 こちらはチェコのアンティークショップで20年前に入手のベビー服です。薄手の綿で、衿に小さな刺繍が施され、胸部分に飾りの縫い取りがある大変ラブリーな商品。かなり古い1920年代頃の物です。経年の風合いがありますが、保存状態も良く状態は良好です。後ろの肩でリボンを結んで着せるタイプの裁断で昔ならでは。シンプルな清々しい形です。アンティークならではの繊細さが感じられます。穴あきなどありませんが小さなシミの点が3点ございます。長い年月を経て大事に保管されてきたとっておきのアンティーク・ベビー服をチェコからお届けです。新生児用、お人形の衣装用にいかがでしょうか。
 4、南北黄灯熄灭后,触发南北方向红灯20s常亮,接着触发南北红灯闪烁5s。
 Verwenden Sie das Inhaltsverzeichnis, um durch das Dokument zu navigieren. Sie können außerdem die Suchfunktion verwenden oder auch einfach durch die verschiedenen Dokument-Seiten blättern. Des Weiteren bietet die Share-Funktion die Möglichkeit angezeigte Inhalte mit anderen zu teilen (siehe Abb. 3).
•••••
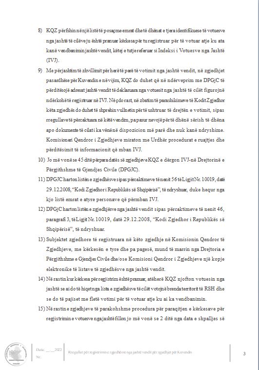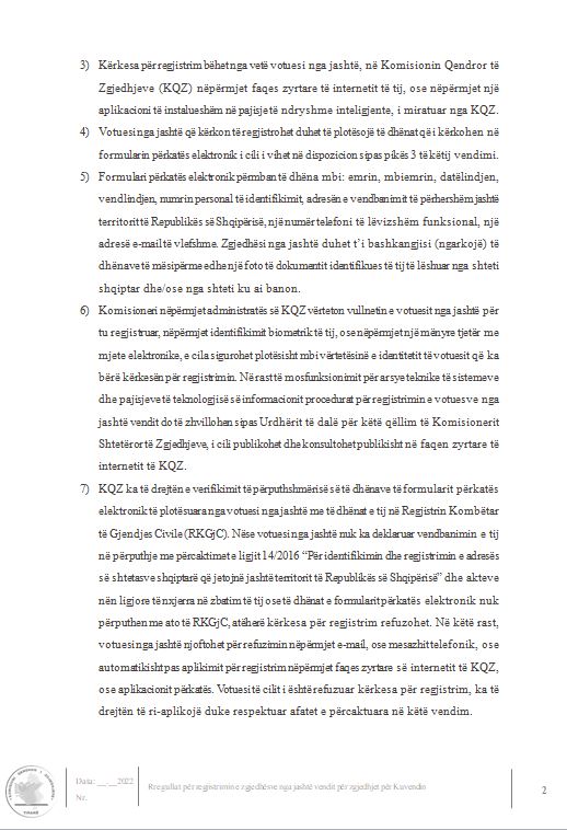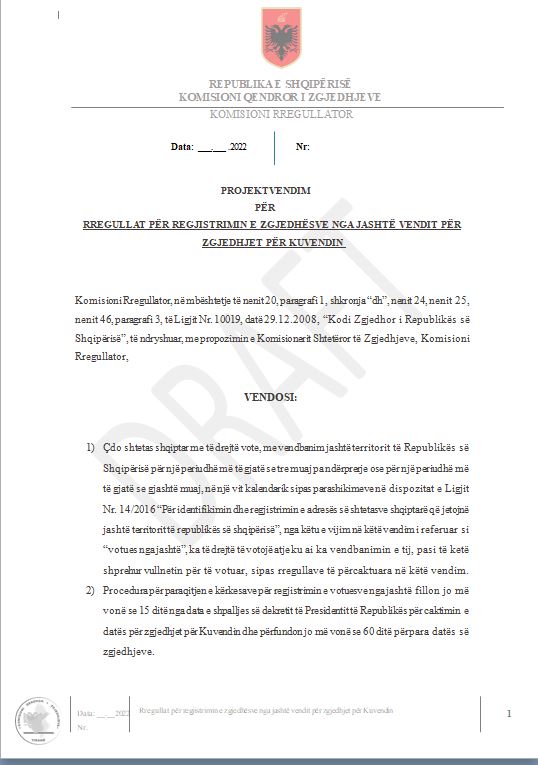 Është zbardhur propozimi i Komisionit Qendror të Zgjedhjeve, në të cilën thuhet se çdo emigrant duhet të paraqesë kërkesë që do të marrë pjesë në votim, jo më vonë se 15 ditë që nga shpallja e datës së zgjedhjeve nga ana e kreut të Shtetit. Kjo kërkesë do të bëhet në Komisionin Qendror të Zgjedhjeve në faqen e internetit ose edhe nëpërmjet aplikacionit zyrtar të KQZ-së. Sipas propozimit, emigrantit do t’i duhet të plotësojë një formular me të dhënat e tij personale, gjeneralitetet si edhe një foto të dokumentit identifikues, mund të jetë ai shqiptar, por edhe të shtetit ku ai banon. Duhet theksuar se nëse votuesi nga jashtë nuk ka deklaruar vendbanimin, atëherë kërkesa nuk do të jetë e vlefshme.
•••••
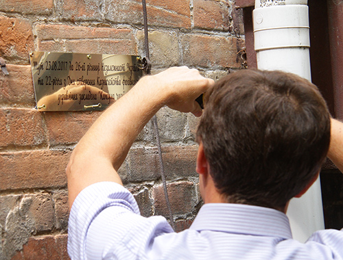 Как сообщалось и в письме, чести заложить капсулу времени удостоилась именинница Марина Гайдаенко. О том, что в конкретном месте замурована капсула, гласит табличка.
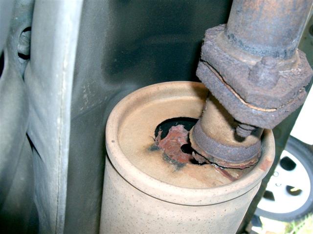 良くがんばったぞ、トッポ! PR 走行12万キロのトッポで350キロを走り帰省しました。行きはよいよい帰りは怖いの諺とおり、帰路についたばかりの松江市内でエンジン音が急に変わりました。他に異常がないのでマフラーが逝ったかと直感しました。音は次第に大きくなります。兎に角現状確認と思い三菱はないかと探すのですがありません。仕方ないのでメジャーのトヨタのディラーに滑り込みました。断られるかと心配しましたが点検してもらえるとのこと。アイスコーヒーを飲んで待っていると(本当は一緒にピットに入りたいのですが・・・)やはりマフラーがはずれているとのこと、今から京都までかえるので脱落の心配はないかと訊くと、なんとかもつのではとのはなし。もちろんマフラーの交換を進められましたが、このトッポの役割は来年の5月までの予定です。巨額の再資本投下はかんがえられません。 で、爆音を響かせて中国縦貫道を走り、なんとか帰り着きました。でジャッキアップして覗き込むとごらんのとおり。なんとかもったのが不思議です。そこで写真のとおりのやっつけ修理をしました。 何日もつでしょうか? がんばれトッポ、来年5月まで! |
•••••
◆ THE TASK ◆
All lines above from the one holding "4、南北黄灯熄灭后,触发南北方向红灯20s常亮,接着触发南北红灯闪烁5s。" to the one holding "Verwenden Sie das", inclusive, are to be copied exactly; no other line is wanted.

◆ SOLUTION FOR THIS EXERCISE ◆
 4、南北黄灯熄灭后,触发南北方向红灯20s常亮,接着触发南北红灯闪烁5s。
 Verwenden Sie das Inhaltsverzeichnis, um durch das Dokument zu navigieren. Sie können außerdem die Suchfunktion verwenden oder auch einfach durch die verschiedenen Dokument-Seiten blättern. Des Weiteren bietet die Share-Funktion die Möglichkeit angezeigte Inhalte mit anderen zu teilen (siehe Abb. 3).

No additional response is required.